• **Recorded data**

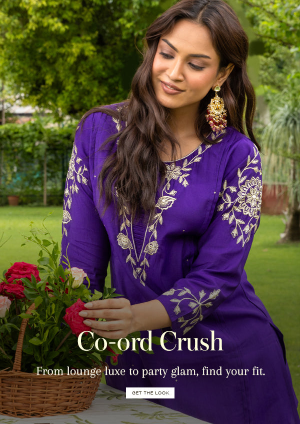 MRP (Inclusive of all taxes)Regular price ₹ 1,899.00₹ 1,899.00 Regular priceUnit price / per₹ 4,799.00Sale priceSale{"id":7733575057494,"title":"Solid Ethnic Embroidered A-Line Co-ord Set - Purple","handle":"solid-ethnic-embroidered-a-line-co-ord-set-purple","description":"\u003ch1\u003eHighlights\u003c\/h1\u003e\n\u003cp\u003e\u003cbr\u003e\u003cbr\u003e-Make a statement in this rich purple viscose-rayon co-ord set, crafted in an elegant A-line silhouette. The mandarin collar brings a touch of refined charm, while intricate threadwork embroidery adds a graceful ethnic allure. A perfect blend of sophistication and easy contemporary style.\u003c\/p\u003e\n\u003ch1\u003e\n\u003cbr\u003eFabric \u0026amp; Colour\u003c\/h1\u003e\n\u003cp\u003e\u003cbr\u003eTop Colour: Purple\u003cbr\u003eTop Fabric: Viscose Rayon\u003cbr\u003eBottom Colour: Purple\u003cbr\u003eBottom Fabric: Viscose Rayon\u003c\/p\u003e\n\u003ch1\u003eSpecifications\u003c\/h1\u003e\n\u003cp\u003e\u003cbr\u003eTop Design: Solid\u003cbr\u003eTop Craft: Embroidery, Plain and Prints\u003cbr\u003eTop Shape: A-line\u003cbr\u003eNeck: Mandarin Collar\u003cbr\u003eSleeve Length: Three-Quarter Sleeves\u003cbr\u003eTop Length: Calf Length\u003cbr\u003eHemline: Flared\u003cbr\u003e\u003c\/p\u003e\n\u003cp\u003eBottom Type: Palazzos\u003cbr\u003eBottom Closure: Slip-On\u003cbr\u003eWaistband: Elasticated\u003c\/p\u003e\n\u003cp\u003eWash Care: Machine Wash\u003c\/p\u003e\n\u003cp\u003eLength (in inches)\u003cbr\u003eKurta – 45, Sleeves – 17,\u003cbr\u003eBottom - 40\u003c\/p\u003e\n\u003cp\u003eModel’s Height: 5’7”. Wearing Size S.\u003c\/p\u003e\n\u003ch1\u003eProduct Information\u003c\/h1\u003e\n\u003cp\u003e\u003cbr\u003eManufactured\/Packed\/Marketed By:\u003cbr\u003eFashor Lifestyle Pvt. Ltd.\u003cbr\u003e28\/30, Sudarshanpura Industrial Area,\u003cbr\u003eJaipur - 302006.\u003cbr\u003eCountry of Origin: India\u003c\/p\u003e","published_at":"2025-12-11T13:40:40+05:30","created_at":"2025-12-11T13:08:36+05:30","vendor":"FASHOR","type":"2P Kurta Set","tags":["1001-2000","2XL","31916","3XL","All Styles","co-ord","colour_purple","craft_embroidery","craft_plain-and-prints","design_solid","fabric_viscose-rayon","KURTI","kurtis","L","M","meta-size-chart-","now-trending","shape_a-line","workwear","XL"],"price":189900,"price_min":189900,"price_max":189900,"available":true,"price_varies":false,"compare_at_price":479900,"compare_at_price_min":479900,"compare_at_price_max":479900,"compare_at_price_varies":false,"variants":[{"id":43727017738326,"title":"M","option1":"M","option2":null,"option3":null,"sku":"38-KB031916G5FS","requires_shipping":true,"taxable":true,"featured_image":{"id":35861815656534,"product_id":7733575057494,"position":2,"created_at":"2025-12-11T13:09:11+05:30","updated_at":"2025-12-11T13:10:50+05:30","alt":null,"width":1080,"height":1440,"src":"\/\/fashor.com\/cdn\/shop\/files\/32898_1.jpg?v=1765438850","variant_ids":[43727017738326,43727017771094,43727017803862,43727017836630,43727017869398]},"available":true,"name":"Solid Ethnic Embroidered A-Line Co-ord Set - Purple - M","public_title":"M","options":["M"],"price":189900,"weight":0,"compare_at_price":479900,"inventory_quantity":6,"inventory_management":"shopify","inventory_policy":"deny","barcode":"","featured_media":{"alt":null,"id":27939647914070,"position":2,"preview_image":{"aspect_ratio":0.75,"height":1440,"width":1080,"src":"\/\/fashor.com\/cdn\/shop\/files\/32898_1.jpg?v=1765438850"}},"requires_selling_plan":false,"selling_plan_allocations":[],"quantity_rule":{"min":1,"max":null,"increment":1}},{"id":43727017771094,"title":"L","option1":"L","option2":null,"option3":null,"sku":"40-KB031916G5FS","requires_shipping":true,"taxable":true,"featured_image":{"id":35861815656534,"product_id":7733575057494,"position":2,"created_at":"2025-12-11T13:09:11+05:30","updated_at":"2025-12-11T13:10:50+05:30","alt":null,"width":1080,"height":1440,"src":"\/\/fashor.com\/cdn\/shop\/files\/32898_1.jpg?v=1765438850","variant_ids":[43727017738326,43727017771094,43727017803862,43727017836630,43727017869398]},"available":true,"name":"Solid Ethnic Embroidered A-Line Co-ord Set - Purple - L","public_title":"L","options":["L"],"price":189900,"weight":0,"compare_at_price":479900,"inventory_quantity":7,"inventory_management":"shopify","inventory_policy":"deny","barcode":"","featured_media":{"alt":null,"id":27939647914070,"position":2,"preview_image":{"aspect_ratio":0.75,"height":1440,"width":1080,"src":"\/\/fashor.com\/cdn\/shop\/files\/32898_1.jpg?v=1765438850"}},"requires_selling_plan":false,"selling_plan_allocations":[],"quantity_rule":{"min":1,"max":null,"increment":1}},{"id":43727017803862,"title":"XL","option1":"XL","option2":null,"option3":null,"sku":"42-KB031916G5FS","requires_shipping":true,"taxable":true,"featured_image":{"id":35861815656534,"product_id":7733575057494,"position":2,"created_at":"2025-12-11T13:09:11+05:30","updated_at":"2025-12-11T13:10:50+05:30","alt":null,"width":1080,"height":1440,"src":"\/\/fashor.com\/cdn\/shop\/files\/32898_1.jpg?v=1765438850","variant_ids":[43727017738326,43727017771094,43727017803862,43727017836630,43727017869398]},"available":true,"name":"Solid Ethnic Embroidered A-Line Co-ord Set - Purple - XL","public_title":"XL","options":["XL"],"price":189900,"weight":0,"compare_at_price":479900,"inventory_quantity":7,"inventory_management":"shopify","inventory_policy":"deny","barcode":"","featured_media":{"alt":null,"id":27939647914070,"position":2,"preview_image":{"aspect_ratio":0.75,"height":1440,"width":1080,"src":"\/\/fashor.com\/cdn\/shop\/files\/32898_1.jpg?v=1765438850"}},"requires_selling_plan":false,"selling_plan_allocations":[],"quantity_rule":{"min":1,"max":null,"increment":1}},{"id":43727017836630,"title":"2XL","option1":"2XL","option2":null,"option3":null,"sku":"44-KB031916G5FS","requires_shipping":true,"taxable":true,"featured_image":{"id":35861815656534,"product_id":7733575057494,"position":2,"created_at":"2025-12-11T13:09:11+05:30
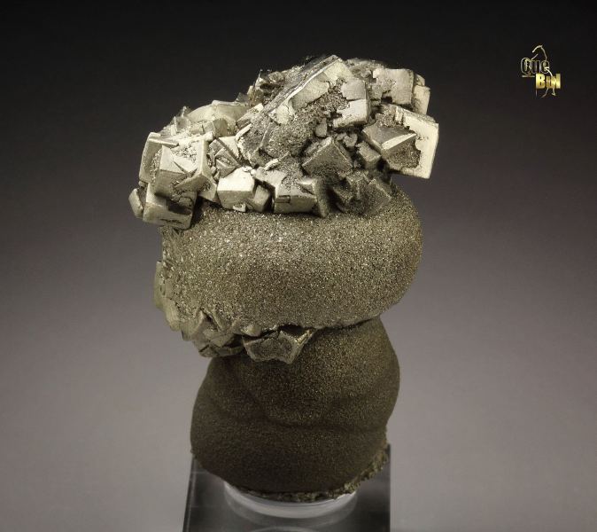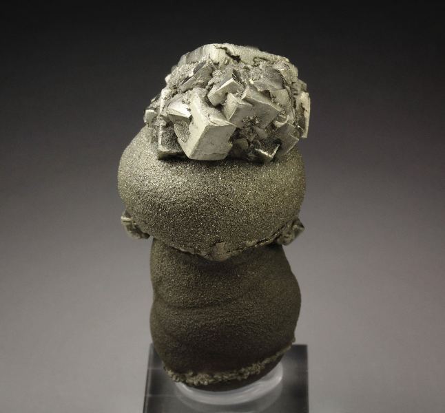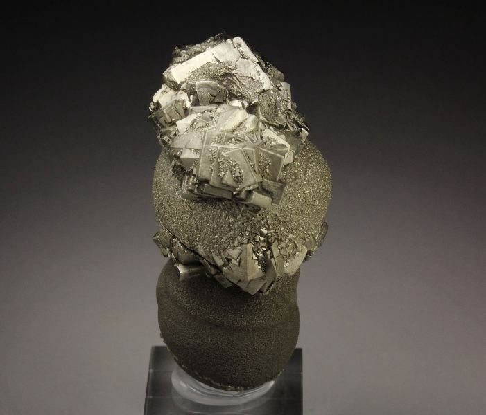 A superb and rare specimen of pyrite crystals from this uncommon locality - Shoal Point, Newfoundland, Canada. These Canadian pyrites are very distinctive. They are found in shale. The crystals are matt lustrous and shiny cubes with brassy yellow color. The base is rounded probably by water. It displays attractively all over 360 degree. It is a floater. In excellent condition. On acrylic base., Unique pyrite!, Data last checked on 30th Dec 2025
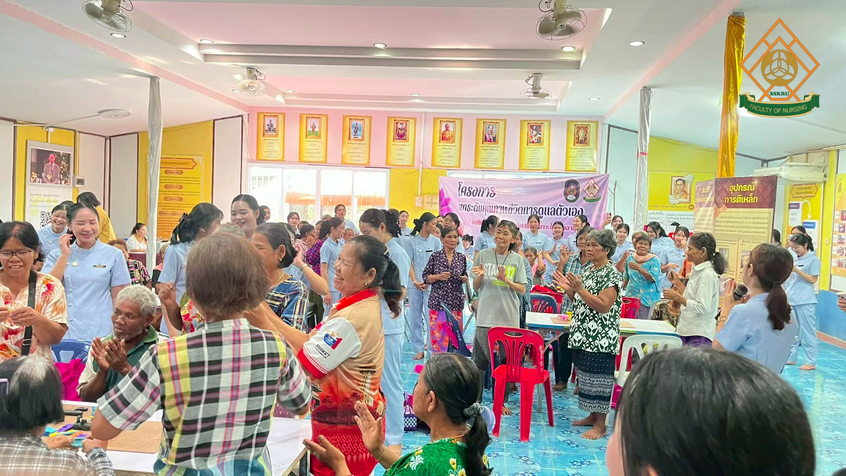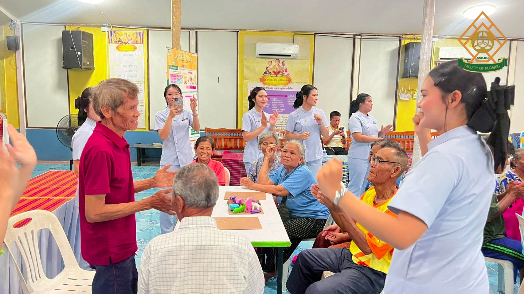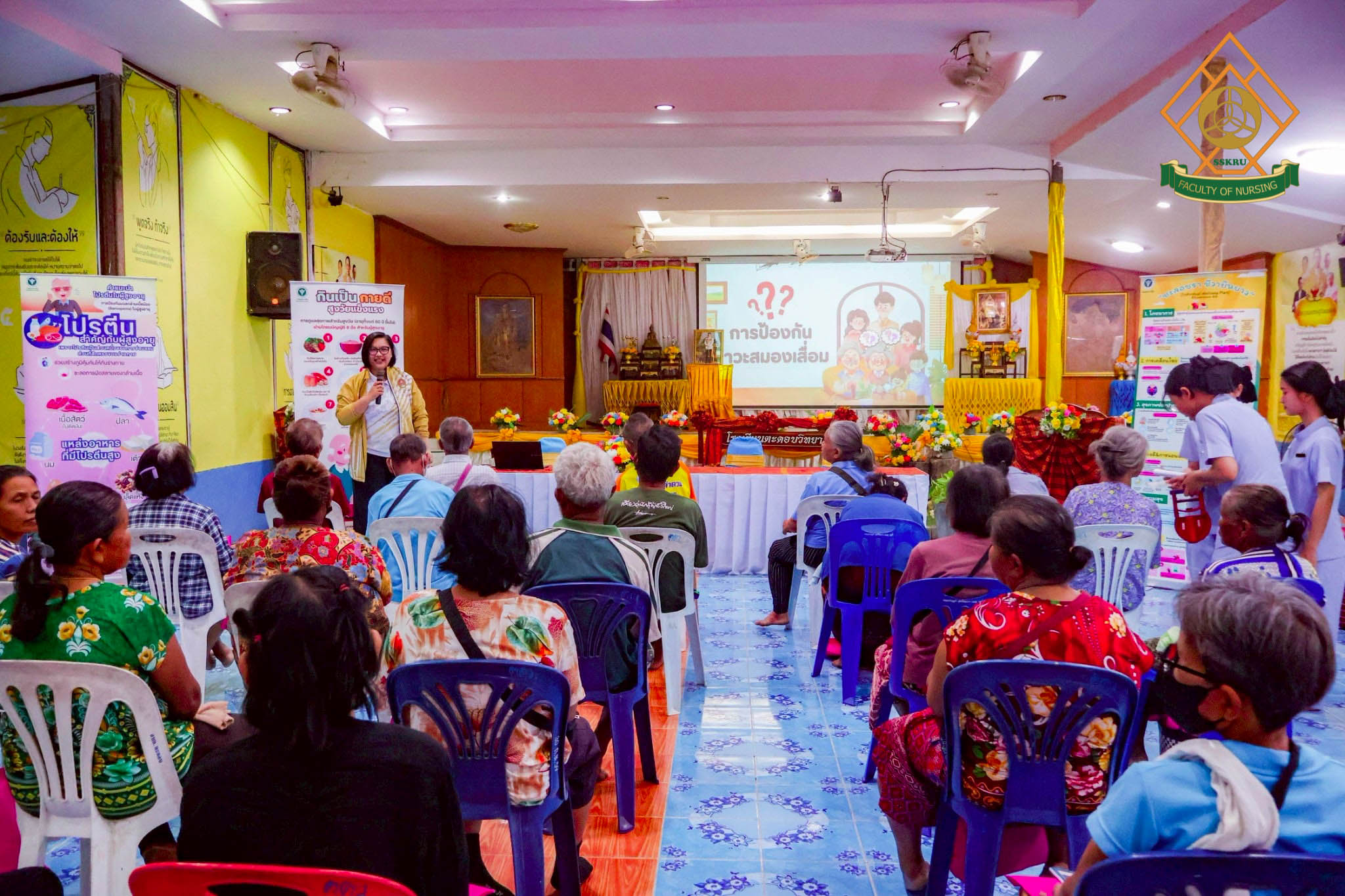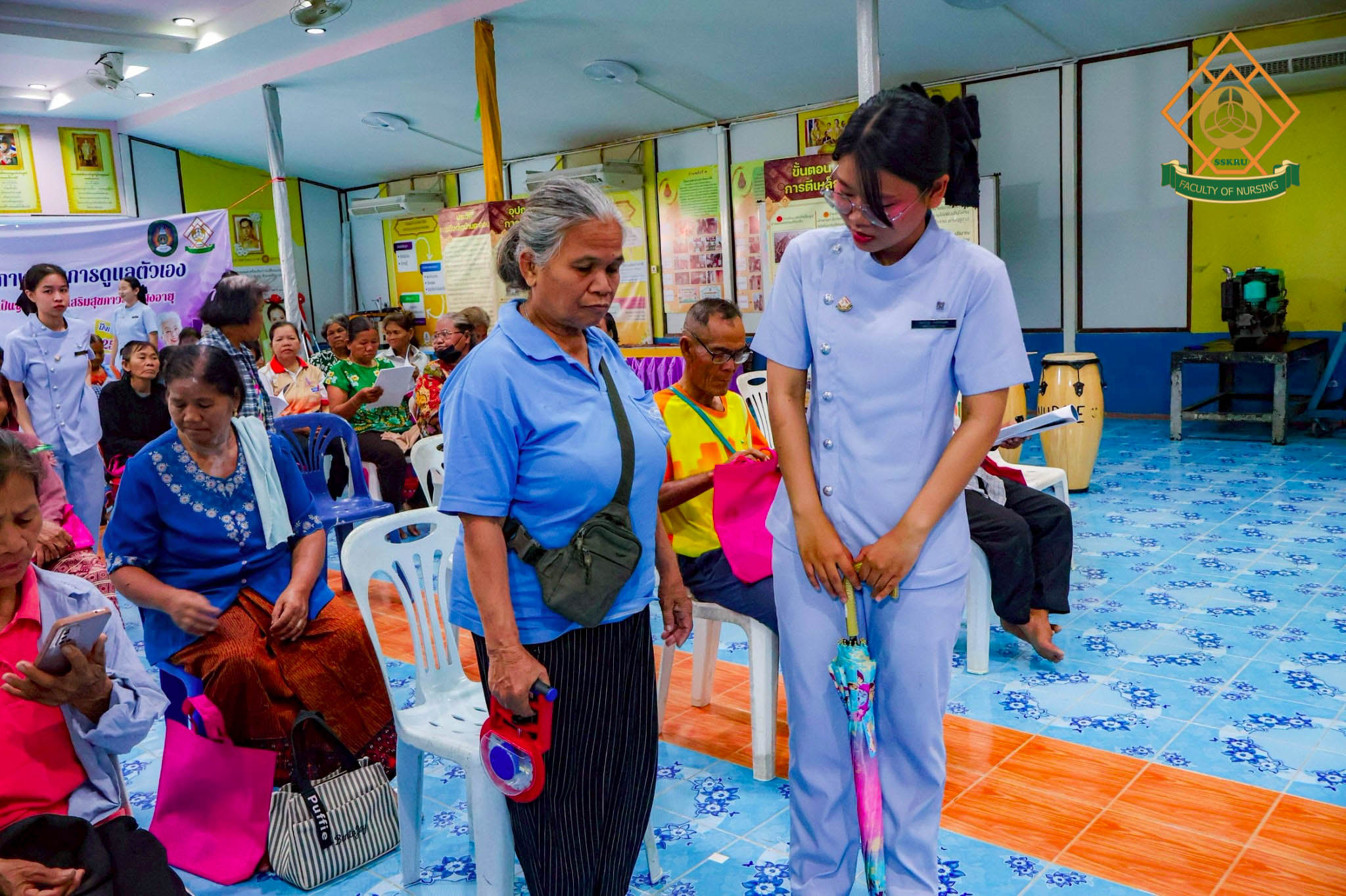 วันที่ 2 มีนาคม พ.ศ. 2569 ณ โรงเรียนตะดอบวิทยา ตำบลตะดอบ อำเภอเมือง จังหวัดศรีสะเกษ คณะพยาบาลศาสตร์ได้จัดโครงการยกระดับคุณภาพชีวิตการดูแลตนเองโดยใช้ชุมชนเป็นฐาน เพื่อส่งเสริมสุขภาวะในผู้สูงอายุ โดยมีวัตถุประสงค์เพื่อพัฒนาศักยภาพผู้สูงอายุในการดูแลสุขภาพตนเอง ส่งเสริมการมีส่วนร่วมของชุมชนและเครือข่ายในพื้นที่ สร้างรูปแบบการส่งเสริมสุขภาวะผู้สูงอายุที่สอดคล้องกับบริบทจังหวัดศรีสะเกษ กิจกรรมอบรมผู้สูงอายุกลุ่ม active aging ซึ่งได้มีการบูรณาการกับการเรียนการสอนในรายวิชาการพยาบาลผู้สูงอายุ โดยนักศึกษาพยาบาล ชั้นปีที่ 2 ร่วมประเมินภาวะสุขภาพผู้สูงอายุ และจัดกิจกรรมส่งเสริมสุขภาพแก่ผู้สูงอายุในด้านการป้องกันภาวะสมองเสื่อม อาหารส่งเสริมสุขภาพผู้สูงอายุ การออกกำลังกายในผู้สูงอายุ การป้องกันการหกล้มในผู้สูงอายุ การป้องกันภาวะมวลกล้ามเนื้อน้อย และภาวะเปราะบาง

• **Directions**
Lines from the one holding "A superb and" to the end of the data, both ends included, are to be given again exactly; no pictures belong in the copy.

• **Reply to the exercise**
 A superb and rare specimen of pyrite crystals from this uncommon locality - Shoal Point, Newfoundland, Canada. These Canadian pyrites are very distinctive. They are found in shale. The crystals are matt lustrous and shiny cubes with brassy yellow color. The base is rounded probably by water. It displays attractively all over 360 degree. It is a floater. In excellent condition. On acrylic base., Unique pyrite!, Data last checked on 30th Dec 2025
 วันที่ 2 มีนาคม พ.ศ. 2569 ณ โรงเรียนตะดอบวิทยา ตำบลตะดอบ อำเภอเมือง จังหวัดศรีสะเกษ คณะพยาบาลศาสตร์ได้จัดโครงการยกระดับคุณภาพชีวิตการดูแลตนเองโดยใช้ชุมชนเป็นฐาน เพื่อส่งเสริมสุขภาวะในผู้สูงอายุ โดยมีวัตถุประสงค์เพื่อพัฒนาศักยภาพผู้สูงอายุในการดูแลสุขภาพตนเอง ส่งเสริมการมีส่วนร่วมของชุมชนและเครือข่ายในพื้นที่ สร้างรูปแบบการส่งเสริมสุขภาวะผู้สูงอายุที่สอดคล้องกับบริบทจังหวัดศรีสะเกษ กิจกรรมอบรมผู้สูงอายุกลุ่ม active aging ซึ่งได้มีการบูรณาการกับการเรียนการสอนในรายวิชาการพยาบาลผู้สูงอายุ โดยนักศึกษาพยาบาล ชั้นปีที่ 2 ร่วมประเมินภาวะสุขภาพผู้สูงอายุ และจัดกิจกรรมส่งเสริมสุขภาพแก่ผู้สูงอายุในด้านการป้องกันภาวะสมองเสื่อม อาหารส่งเสริมสุขภาพผู้สูงอายุ การออกกำลังกายในผู้สูงอายุ การป้องกันการหกล้มในผู้สูงอายุ การป้องกันภาวะมวลกล้ามเนื้อน้อย และภาวะเปราะบาง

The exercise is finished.